Is augmenting human bodies with robotic parts something we can look forward to? Scientists in a new piece from The Guardian seem to think so.
“If you want an extra arm while you’re cooking in the kitchen so you can stir the soup while chopping the vegetables, you might have the option to wear and independently control an extra robotic arm,” Tamar Makin, a professor of cognitive neuroscience at Cambridge University, told the newspaper.
An existing example of this technology unlocking the human body’s potential to wrangle tasks too daunting for the merely four-limbed and twenty-digited human? An extra thumb.
Designed by Dani Clode, a researcher at Cambridge’s Plasticity Lab, “The Third Thumb” is a nifty little 3D-printed device that can apparently be used to augment any hand.
In decidedly British fashion, one example provided is the third thumb being used to grasp a dainty cup of tea, freeing up the real thumb and fingers to stir it with a spoon at the same time.

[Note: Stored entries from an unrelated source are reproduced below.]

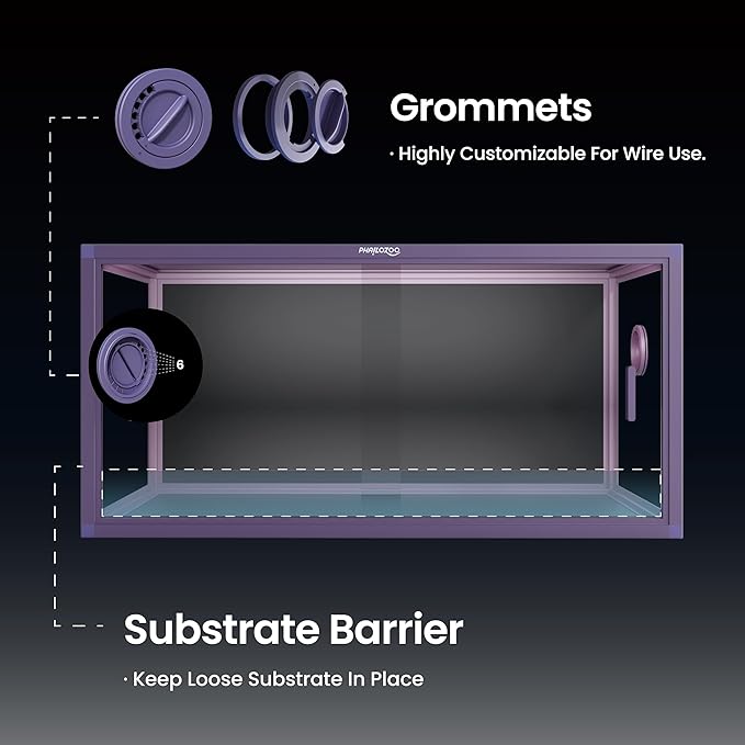 - 【Easy Maintenance】Front opening reptile terrarium with door handles included for easy cleaning & feeding. No more suction cup problems or unsightly fingerprints all over. The substrate barrier keeps the substrate in place. Our tempered glass doors are durable enough to withstand scratching.
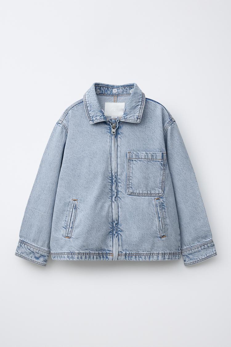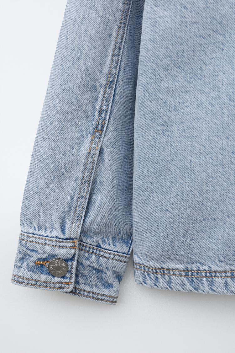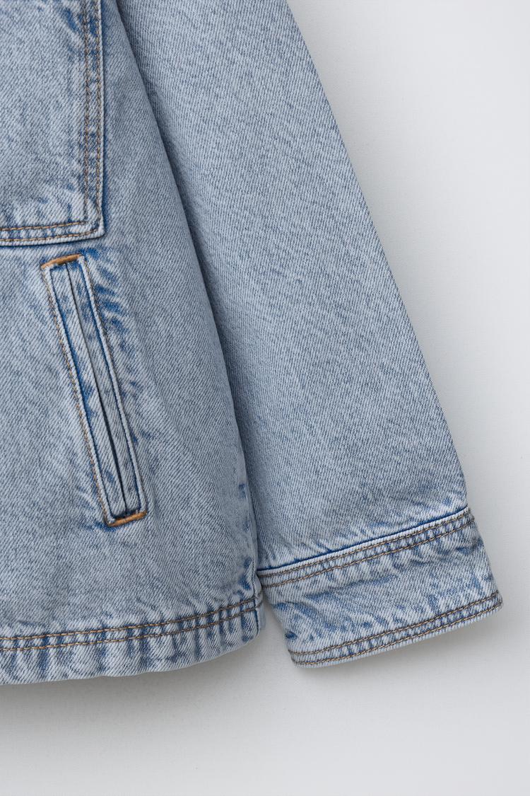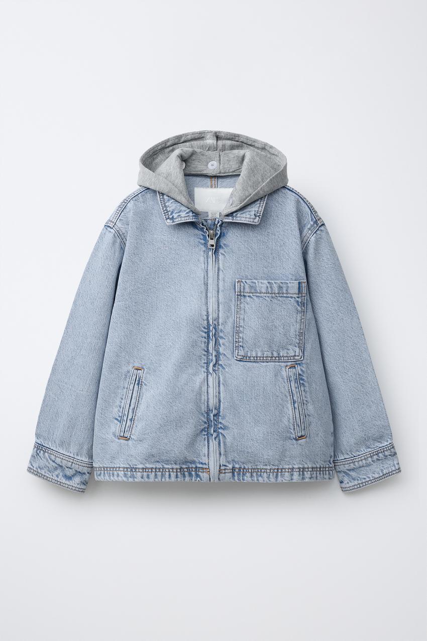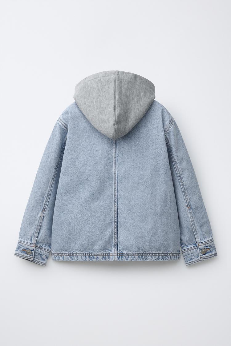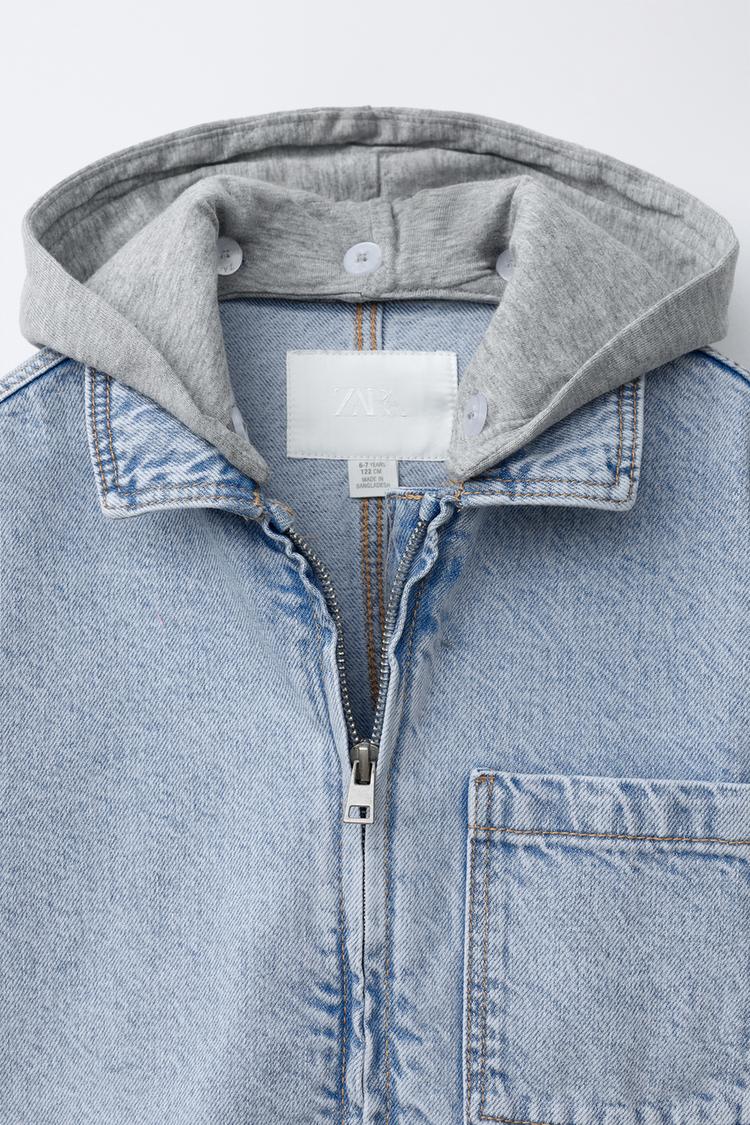 ZARA ДЖИНСОВАЯ КУРТКА-РУБАШКА СО СЪЕМНЫМ КАПЮШОНОМ, ВЫЦВЕТШИЙ СИНИЙ
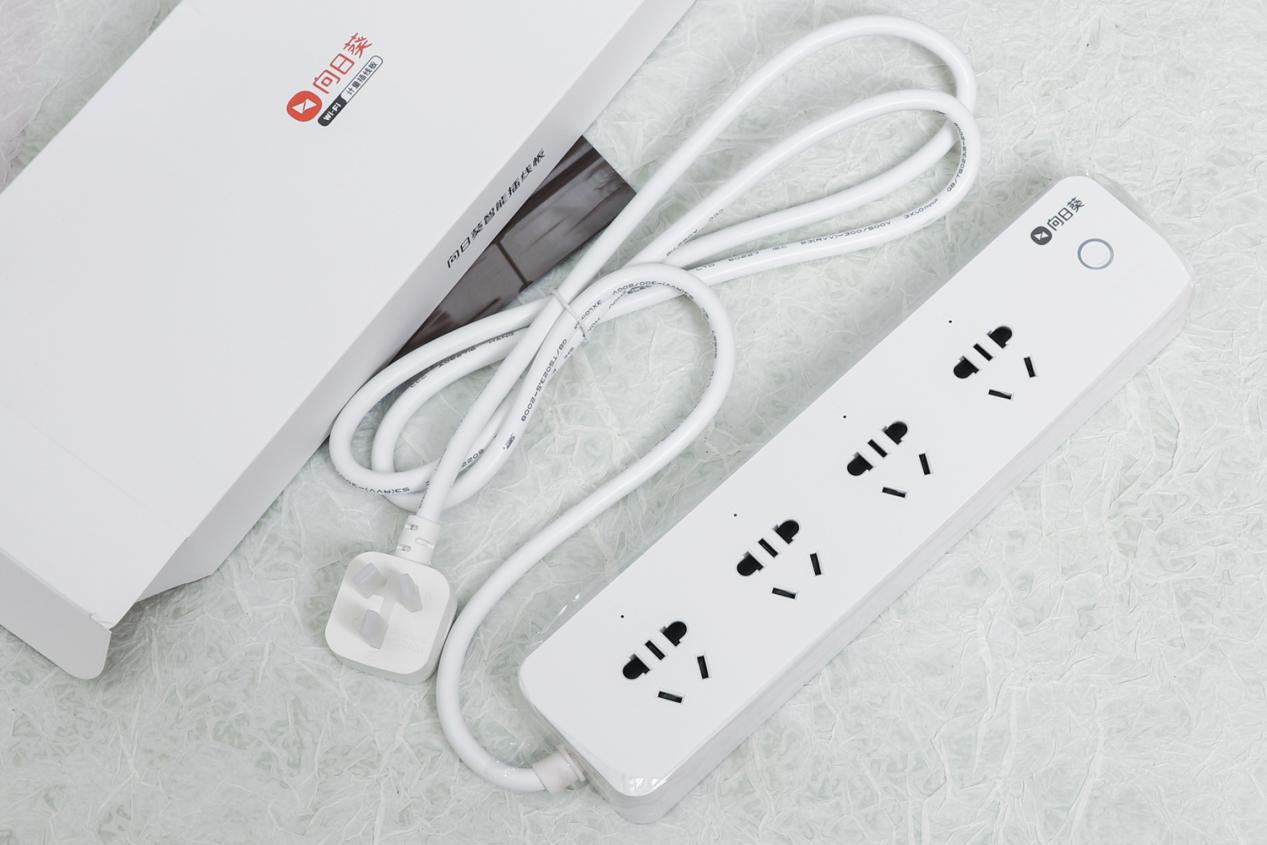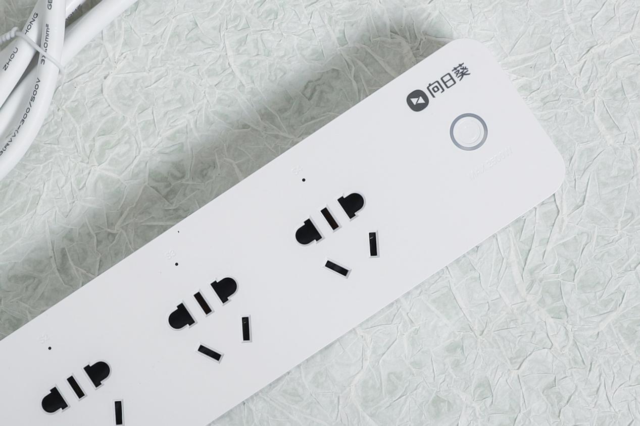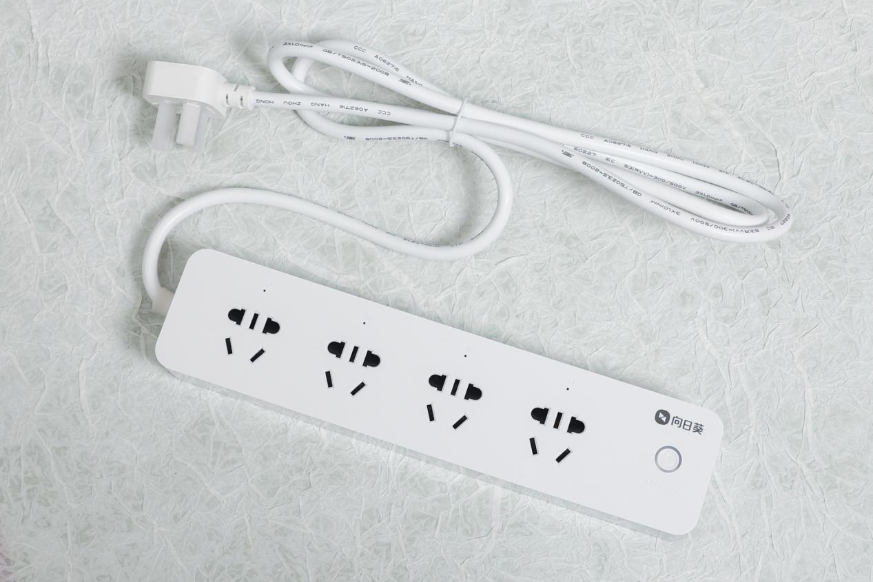 白色搭配,看起来很简洁美观,本来是打算买向日葵智能插线板P2的,但是发现P2只有三个插孔不够用,所以最终还是选择了P1版本,向日葵智能插线板P1有4个五口标准插孔,一般日常够用。
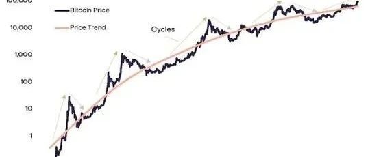 与许多实物商品一样,比特币的价格并不遵循严格的「随机游走」。相反,价格显示出统计动量的证据:价格上涨往往紧随涨势而来,价格下跌往往紧随跌势而来。在较长的时间范围内,比特币升值和贬值的行情反复出现使价格周期呈现出围绕历史上升趋势的现象。
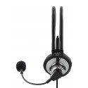 Enkelt och prisvärt on-ear headset för användning i kontorslandskap, med två stycken 3.5 millimeters kontakter för anslutning. Har justerbart huvudband och mikrofon samt volymkontroll smidigt placerad på kabeln.
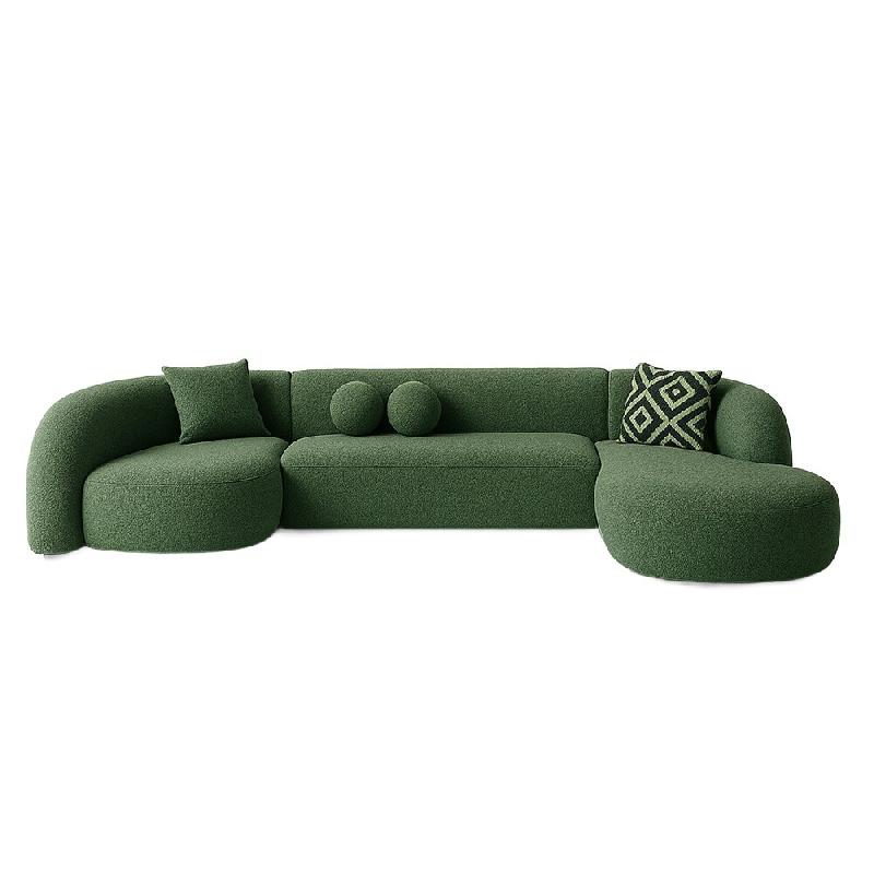 Le SERENITY est un canapé aux proportions généreuses et aux formes enveloppantes. Avec ses 350 cm de longueur, il offre une assise XXL pensée pour accueillir famille et amis dans un confort absolu.Ses accoudoirs arrondis et ses courbes douces créent un esprit cocooning tout en apportant une touche design ultra contemporaine. Sa structure basse et ses volumes pleins rappellent les codes du mobilier organique, tendance forte de la décoration actuelle.Le revêtement en laine rasée Vert Cèdre offre un toucher doux et texturé, renforçant l'esprit cosy du canapé. Livré avec coussins et accessoires décoratifs assortis, le SERENITY transforme votre salon en un espace de détente chic et harmonieux.DimensionsLongueur totale : 350 cmProfondeur méridienne gauche : 160 cmProfondeur méridienne droite : 220 cmHauteur d'assise : 42 cmCaractéristiquesStructure : bois massif + mousse haute densitéRevêtement : laine rasée Vert CèdreDesign : courbes organiques, dossier bas, accoudoirs enveloppantsConfort : assise moelleuse, soutien optimalCapacité : 5 à 6 personnesAccessoires inclus : coussins décoratifs + coussins sphériques
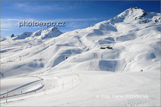 Zimní areál Arosa se rozprostírá kolem vrcholu Weisshorn (2 653 m n.m.). Graubünden, Švýcarsko.
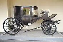 A clarence is a type of carriage that was popular in the early 19th century. It is a closed, four-wheeled horse-drawn vehicle with a projecting glass front and seats for four passengers inside. The driver sat at the front, outside the carriage. The clarence was named after Prince William, Duke of Clarence and St Andrews, later King William IV of the United Kingdom, who died in 1837.[1]:41 It was introduced in 1840 in London.[2] The Brougham was a lighter, two-passenger version originally commissioned by Lord Brougham.[1]:24–25

But far less trivial and more weighty potential applications are aplenty, too.
“We spoke with a surgeon [who] was really interested in holding his camera whilst he’s doing shoulder surgery, rather than his assistant holding his camera,” Clode said.
“He wanted to be in full control of the tools that he’s using with the two hands whilst also holding that camera and being able to manipulate that as well.”
The point of augmentation isn’t necessarily just adding extra body parts for the hell of it, in other words, but to offer an avenue of empowerment for those who need extra functionality or who have certain disabilities.
“If you’re missing a limb, instead of trying to replace that limb, why don’t we augment your intact hand to allow you to do more with it?” Clode said.
Augmenting an existing, functional limb could prove easier than replacing an entire, missing one, they say. Furthermore, robotic prosthetic limbs can require invasive, expensive, and potentially taxing surgery to install brain-computer interfaces (BCIs) that are used to control them.
That’s why with the Third Thumb, Clode insisted on it being wirelessly controlled by pressure sensors underneath your big toes, rather than using brain implants.
And Makin backs up Clode’s approach, claiming this form of control is far more intuitive than BCIs, too.
“[Of around] 600 people between the age of three and 97, 98% could use it within the first minute, meaning… they could already move objects around as instructed,” Makin said. “I can’t imagine a brain chip that can do that.”